The term ‘Yogini’ called in par language as ‘Jogini’  is the feminine term for a yogi. As a part of the Yogic school of Hindu tradition, they were a part of the Nath Yoga tradition. Some texts refer to the sacred feminine force as incarnation of a particular aspect of Godess Parvati. They are worshipped in many places as “Gram Devatis”. Other counterparts as mentioned in the Skanda Purana with Yoginis are the Shaktis, Bhairavis, etc.

In the Chandi Purana, the term Yogini refers to the form of godess or Devi, and each Yogini was seen as a different part of the Goddess’s body. There are supposed to be eight Matrikas, who arrive with their eight attendants making the group as 64 Yoginis.

chausath yogini temples

Ideally, a Chausath Jogini temple is a Hypaethral temple, that one with no roof. The architecture provides sustenance and support in the tantrik prayer rituals involving the worship of the Bhu-mandala.

Legend has it that Goddess Durga took the form of 64 demi goddesses to defeat a demon. These Joginis were then given their place in the temple. They are depicted as either standing on an animal or a demon head.

The 64 Yogini Temple in Morena

This temple is located in the Morena district of Madhya Pradesh. It is also well known by the name of Ekattarso Temple. This particular temple is still in very good shape.

Located in Mitaoli or Mitawali village of the Morena district, it has Lord Shiva is at the centre, and has a circular wall with 64 chambers, an open Mandapa, also separated by a circular courtyard.

It is widely believed that the Sansad Bhawan or the Parliament House in Delhi has also been built on exactly the same lines of the Chausath Yogini Temple of Morena.

Apart from the prime deities as Lord Shiva and Goddess Durga, the 64 shrines in a circular pattern are one for each Yogini.

Known to have shikhars over the main shrine and the subsidiary ones, these shikhars are not present now. The slabs on the roof and walls have perforations in them that were used to collect the rain water. This structure has withstood the earthquakes of the millennia without any damage whatsoever to the circular structures.

Apart from the religious and architectural brilliance, this temple was well known as a ‘Tantrik Vishwavidyala’. Even foreigners used to come here to study tantra as a means of divine worship, only propagating the divine attainment by virtuous study. Even today sadhakas can be seen practicing here.
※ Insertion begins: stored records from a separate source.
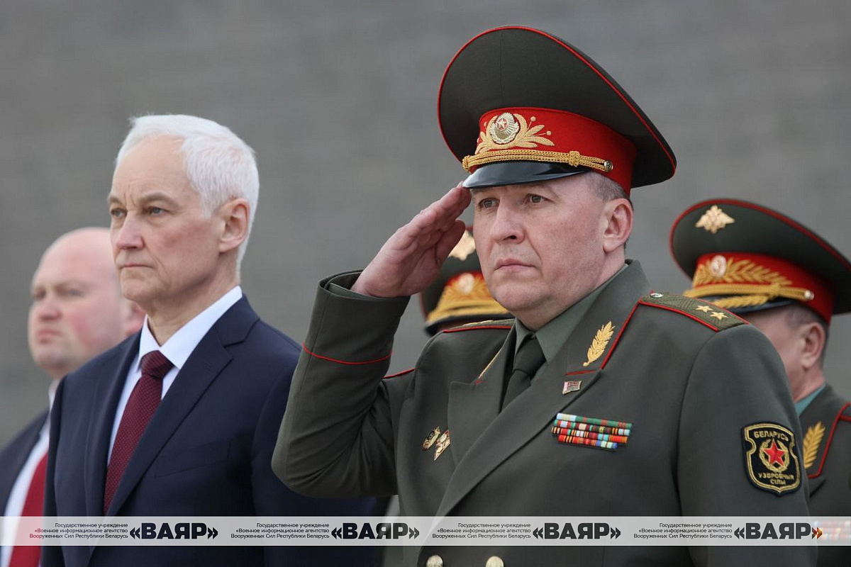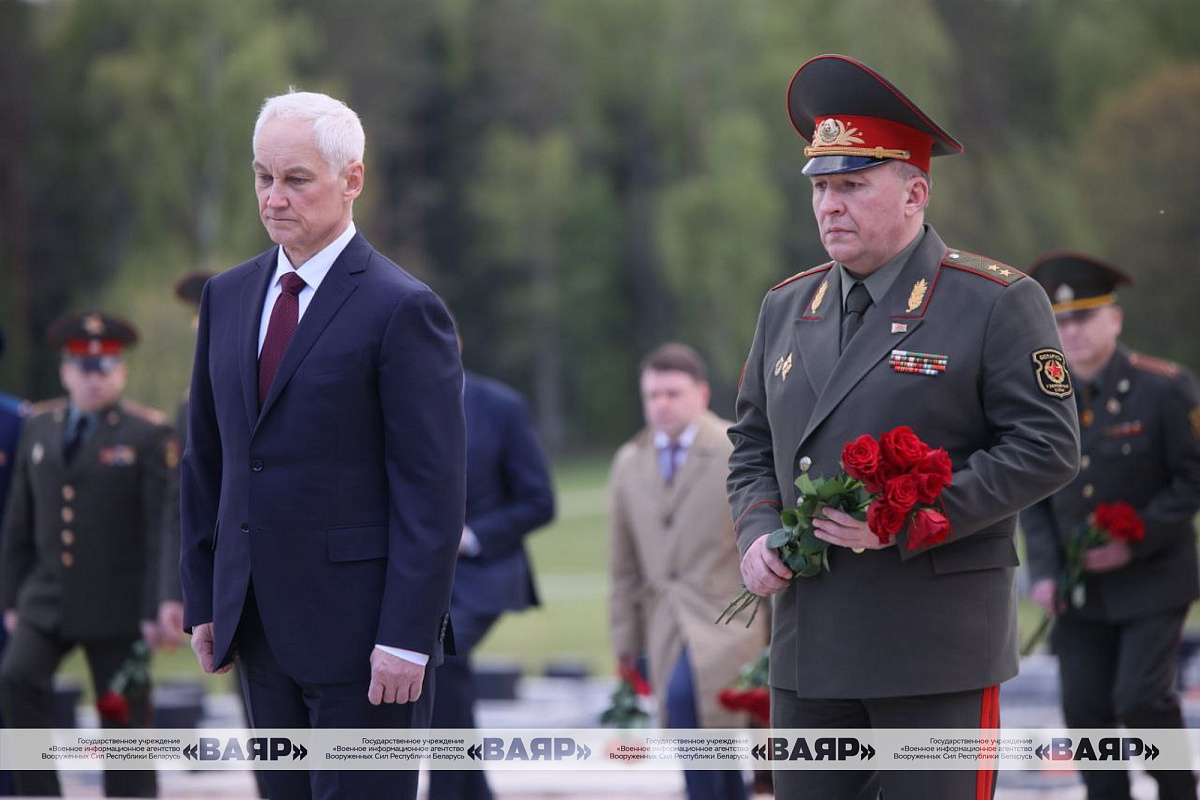 Министр обороны Республики Беларусь генерал-лейтенант Виктор Хренин и Министр обороны Российской Федерации Андрей Белоусов возложили цветы в мемориальном комплексе «Хатынь».
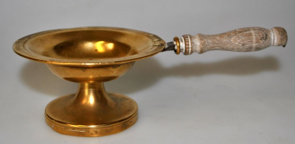 Messing gløde skål med hank, 19. årh. Danmark. Med dekorationer på kanten. H.: 5,2 cm. Dia.: 9 cm. L.: 16,5 cm.Virkelig flot stand!
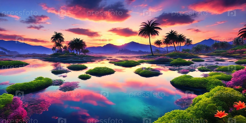 Закат окрашивает небо в оттенки розового и голубого над спокойным морем
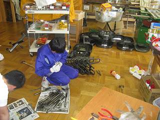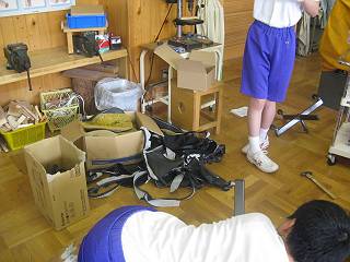 そうなると、古い椅子がゴミになるので、休日のクラブで全部分解して資源ごとに振り分け作業を行った。

The Chausath Yogini Temple at Khajuraho

Amongst all the Yogini temples, this is the only one with a rectangular architectural plan. Located on a high platform, it is made up of large granite blocks with an open courtyard at the centre. Out of the total 65 shrines, only 35 survive now. The central shrine faces the north, and was originally one for Goddess Durga. The temple is in ruins now, and has got no sculptures. Amongst 3 large statues of Goddess are located at the Khajuraho museum.

This temple appears scary to some tourists visiting here.

The Hirapur Temple in Bhubaneshwar

This temple in Hirapur in the state of Orissa is a roofless temple. This temple is also believed to have been built by Queen Hiradevi, in the 9th century, it is also built on the same lines as the temple at Morena, with a circular wall housing the 64 yoginis in the enshrined cavities.

Mahamaya being the principal Goddess here, the Devi is adorned with red cloth and vermilion. The Yogini deities are carved with black chlorite. The ornaments are highly symbolic being the bracelets, armlets, necklaces, anklets, earrings, garland and the headdress. The hairstyles are also either a one sided bun or a coronet of interlocking curls. Some are shown depicted with two arms, while some have four.

Here Godess Kali can be seen standing on a demon head. It has a Chandi Madap, with eight goddesses on all four sides.

The Ranipur Jharial Temple of Orissa

Also known as the “Soma Tirtha’, it is in the Balangir District of Orissa. Dating back to the 9th century to the reign of the Somavanshi Keshari kings, the cultural assemblance of India flourished with Shaivism, Vaishnavism and Buddhism.

This temple is another hypethral structure that gives an insight to the medieval occult practices, some of them are still prevalent in some districts of Orissa along with tribal traditions.

This temple has a three faced deities of Lord Shiva along with Goddess Parvati, encircled by the 64 yoginis. It is mainly regarded as a virtuous Shaiva Teerth. The Muslim invasion here in the 15th century was mainly the cause of its downfall.